Now, sit down and figure out which recipes can be
made ahead of time, a day, or a week, and which must
be made that day. Desserts like pies and pudding
served cold, and bread can be made before the day of
the feast. Meats must be cooked the day of, but can
be partially cooked or parboiled (as in chicken) a
day or two before. This will help prevent you from
serving undercooked or raw meats and poultry.
When are you serving feast? Is everything being
served at once? Or are you doing multiple courses?
If multiple courses, which ones must come out of the
oven to be served first? Which recipes are served
last. Do you have enough stove and oven space to
cook what needs to be cooked and served when it
needs to be served?
For
example: You are serving a hot pie, beef roast, and
an apple tart all in one course.
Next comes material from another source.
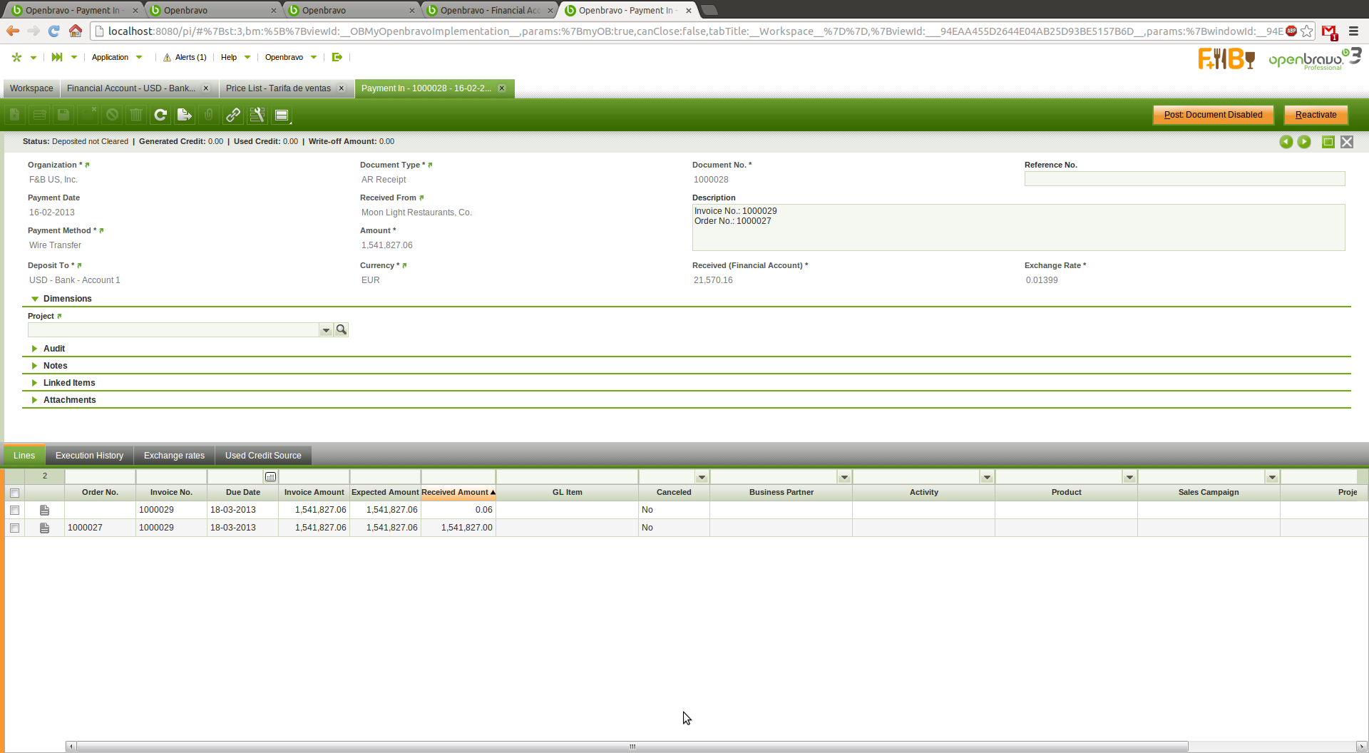 | Steps To Reproduce | . in F&B . go to currency window - USD . conversion rate -> to EUR (from 01-07-2013 to 30-09-2013) change "Divide Rate By" to 0.01399 . go to currency window - EUR . conversion rate -> to USD (from 01-07-2013 to 30-09-2013) change "Multiple Rate By" to 0.01399 . go to financial account: usd- bank account 1 . go to payment method: transferencia . select: receive payments in multiple currencies . go to pricelist "tarifa de ventas" . change org: * . go to product "cerveza ale 0.5" . change org: * . create new sales order . org: F&B US, Inc. . order date: 06-07-2013 . bp: moon light . price list: tarifa de venta . invoice terms inmediate . new line: . product: cerveza ale 0.5 . qty: 1 . net unit price , net list price: 1,541,827.00 . tax: exento . create new sales invoice . org: F&B US, Inc. . order date: 06-07-2013 . bp: moon light . price list: tarifa de venta . create lines from: . select previous sales order . change the amount in line to 1541827.06 .process . add payment . payment date 06/07/2013 . process & deposit payment generated should be similar to attachment1.jpg . go to financial account - > transaction . post error is returned. if manual post works, you should post with background process  | |||||||

Do you have enough
oven space for all of these dishes at once? If not,
you need to rearrange your recipes into a different
order. I try to have only one baked item per course,
and one or two stove top items per course, and one
cold or room temp. item per course. This means that
my ovens will not be over loaded and I won't be
serving something half cooked, because I overloaded
the ovens.
Next, are you putting the items that need the
longest baking time in an earlier course, and the
ones that need the least or a short amount of baking
time in a later course? You don't want to plan on
taking your ember pie (1/2 hour cooking time) out
for the first course, and then put in your roast
which requires two hours of cooking time for the
third course. No one, including you will want to
wait two hours between courses. So, again, rearrange
your recipes, so that the more time-intensive in the
oven goes into the early course, while the least
time-intensive in the oven goes into a later course.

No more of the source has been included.